# Exercise:
A faithful copy is required: transcribe each line below exactly, minus the pictures.

[Stored records]
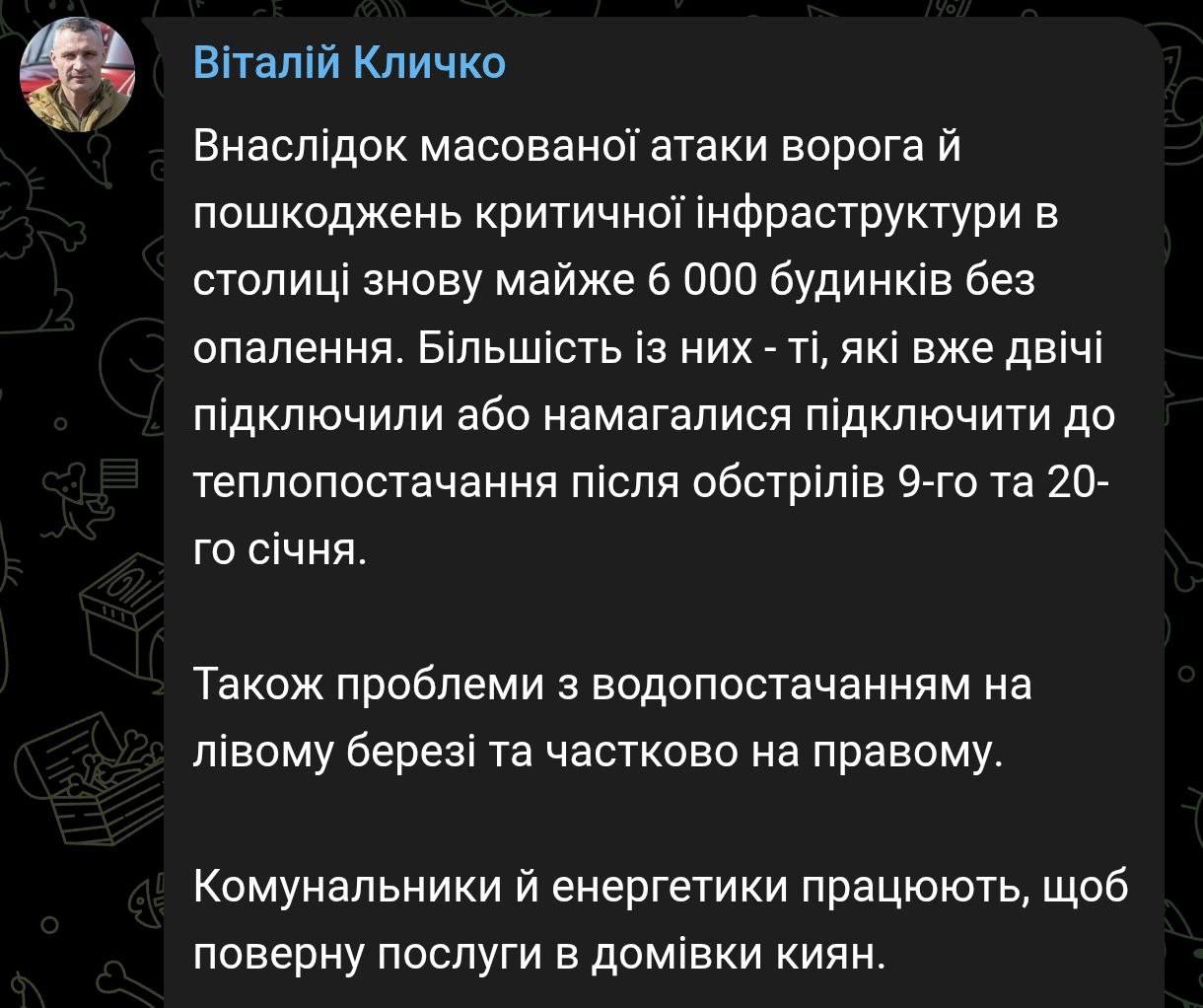 — На левом берегу столицы перебои с теплом и водой, заявил Кличко; нарушена работа метро.
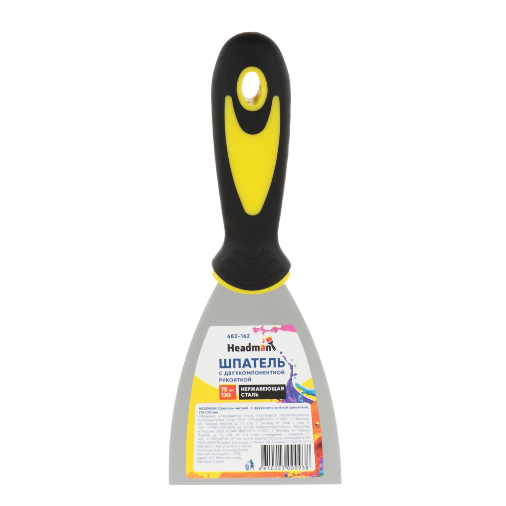 Фасадный шпатель с от бренда HEADMAN с двухкомпонентной рукояткой предназначен для отделки поверхностей внутри и снаружи помещений. Используется для нанесения и выравнивания по поверхностям штукатурки, шпатлевки и других строительных растворов, заделки трещин и швов. Фасадный шпатель оснащен эргономичной пластмассовой ручкой, с рифлением, которая обеспечивает надежный хват инструмента при использовании, в том числе, в грубых строительных перчатках.
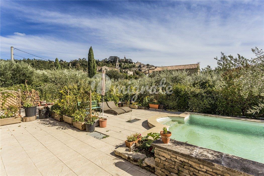 Эта прекрасная вилла находится в нескольких минутах ходьбы от деревни. Из нее открывается великолепный вид на Люберон и деревни Бонье и Лакост. В саду есть бассейн и несколько террас, одна из которых крытая.
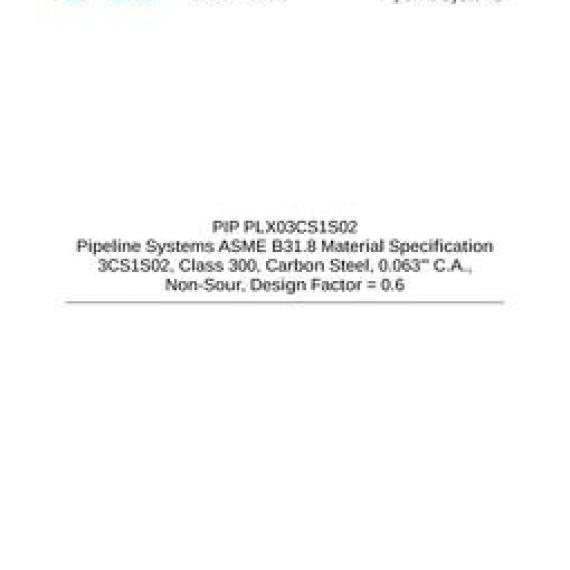 PIP PLX03CS1S02 Pipeline Systems ASME B31.8 Material Specification 3CS1S02, Class 300, Carbon Steel, 0.0625" (1/16") C.A., Non-Sour, Design Factor = 0.6 [New Practice]
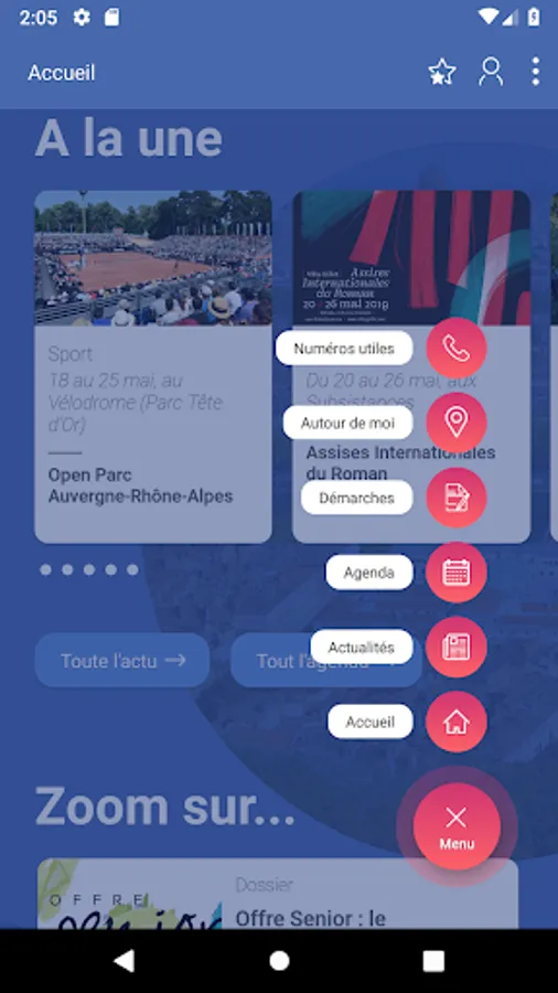 - news, agenda, zoom on, around me, steps, personal space (tracking my requests), my favorites, my preferences and useful numbers.
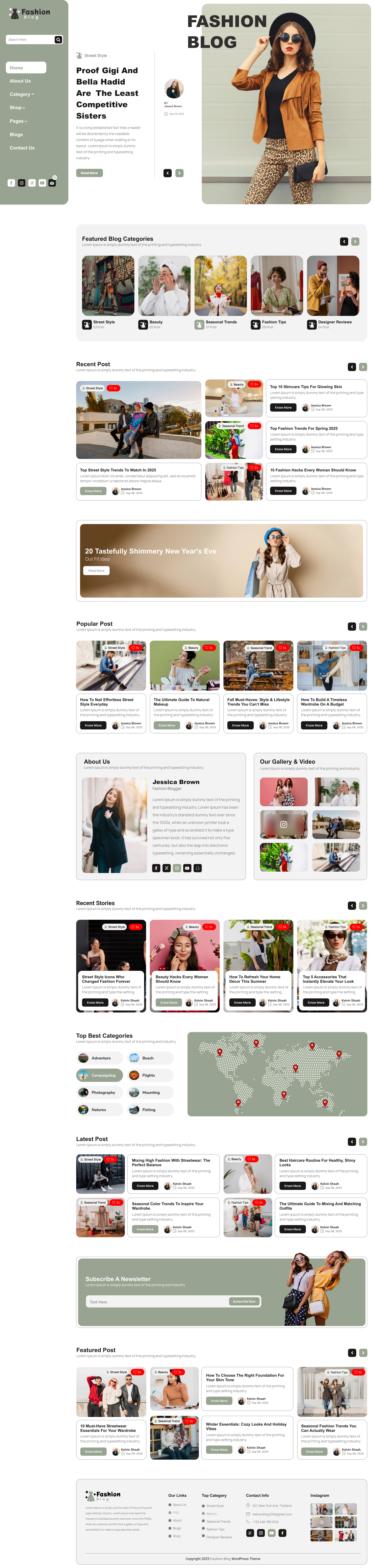The Fashion Blog WordPress Theme is a modern, elegant, and fully responsive solution designed for fashion bloggers, lifestyle influencers, Modern Fashion, Fashion Store, Fashion Boutique, Clothing Store, Apparel Store, Style Store, Trendy Clothing, Designer Clothing, Street Fashion, and creative agencies. Its minimal and sophisticated design ensures a clean and professional look, while features like retina-ready visuals, banner sections, and Call to Action (CTA) buttons help showcase content effectively. With user-friendly navigation, interactive elements, and customization options, this theme is perfect for creating a stylish online presence. Developers appreciate its secure and optimized code, Bootstrap integration, and shortcodes, making it a versatile and luxurious platform to engage audiences and highlight fashion trends effortlessly.
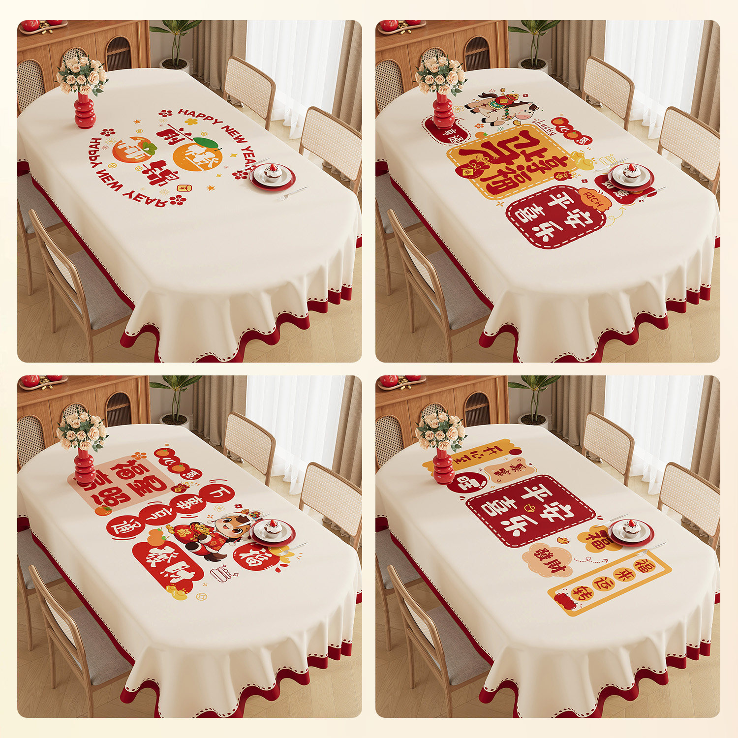 新年桌布防水防油免洗红色氛围感餐桌布轻奢高级感马年茶几布防烫
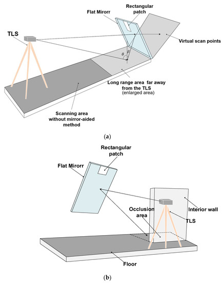 This study proposes two hypotheses to enlarge the scanning range, increase the measurement accuracy in the long-range area far away from the TLS, and enable flatness measurement in hidden areas, as illustrated in Figure 3. Figure 3a illustrates hypothesis 1. Here, the scanning area far away from the TLS with a light gray color has a large scanning distance and a high incident angle (θ), resulting in a relatively low flatness measurement performance. With the implementation of the mirror-aided method, the laser beam emitted from the TLS is first reflected by the mirror and then reaches the long-range scanning area, leading to a lower incident angle (β) and higher surface flatness inspection accuracy. Since the study targets the front area on the basis of the mirror, the occluded areas behind the mirror are not considered. In addition, only virtual scan points generated by the mirror are used in this study due to the existence of a high incident angle problem for actual (direct) scan points, although the area under the mirror is scanned twice. With the help of using mirrors, the areas far from the TLS can be scanned with high accuracy, indicating that the proposed method can enlarge the scan range. Note that the long rang area (marked as light gray color) is regarded as the enlarged area.

# Solved problem:
 — На левом берегу столицы перебои с теплом и водой, заявил Кличко; нарушена работа метро.
 Фасадный шпатель с от бренда HEADMAN с двухкомпонентной рукояткой предназначен для отделки поверхностей внутри и снаружи помещений. Используется для нанесения и выравнивания по поверхностям штукатурки, шпатлевки и других строительных растворов, заделки трещин и швов. Фасадный шпатель оснащен эргономичной пластмассовой ручкой, с рифлением, которая обеспечивает надежный хват инструмента при использовании, в том числе, в грубых строительных перчатках.
 Эта прекрасная вилла находится в нескольких минутах ходьбы от деревни. Из нее открывается великолепный вид на Люберон и деревни Бонье и Лакост. В саду есть бассейн и несколько террас, одна из которых крытая.
 PIP PLX03CS1S02 Pipeline Systems ASME B31.8 Material Specification 3CS1S02, Class 300, Carbon Steel, 0.0625" (1/16") C.A., Non-Sour, Design Factor = 0.6 [New Practice]
 - news, agenda, zoom on, around me, steps, personal space (tracking my requests), my favorites, my preferences and useful numbers.
The Fashion Blog WordPress Theme is a modern, elegant, and fully responsive solution designed for fashion bloggers, lifestyle influencers, Modern Fashion, Fashion Store, Fashion Boutique, Clothing Store, Apparel Store, Style Store, Trendy Clothing, Designer Clothing, Street Fashion, and creative agencies. Its minimal and sophisticated design ensures a clean and professional look, while features like retina-ready visuals, banner sections, and Call to Action (CTA) buttons help showcase content effectively. With user-friendly navigation, interactive elements, and customization options, this theme is perfect for creating a stylish online presence. Developers appreciate its secure and optimized code, Bootstrap integration, and shortcodes, making it a versatile and luxurious platform to engage audiences and highlight fashion trends effortlessly.
 新年桌布防水防油免洗红色氛围感餐桌布轻奢高级感马年茶几布防烫
 This study proposes two hypotheses to enlarge the scanning range, increase the measurement accuracy in the long-range area far away from the TLS, and enable flatness measurement in hidden areas, as illustrated in Figure 3. Figure 3a illustrates hypothesis 1. Here, the scanning area far away from the TLS with a light gray color has a large scanning distance and a high incident angle (θ), resulting in a relatively low flatness measurement performance. With the implementation of the mirror-aided method, the laser beam emitted from the TLS is first reflected by the mirror and then reaches the long-range scanning area, leading to a lower incident angle (β) and higher surface flatness inspection accuracy. Since the study targets the front area on the basis of the mirror, the occluded areas behind the mirror are not considered. In addition, only virtual scan points generated by the mirror are used in this study due to the existence of a high incident angle problem for actual (direct) scan points, although the area under the mirror is scanned twice. With the help of using mirrors, the areas far from the TLS can be scanned with high accuracy, indicating that the proposed method can enlarge the scan range. Note that the long rang area (marked as light gray color) is regarded as the enlarged area.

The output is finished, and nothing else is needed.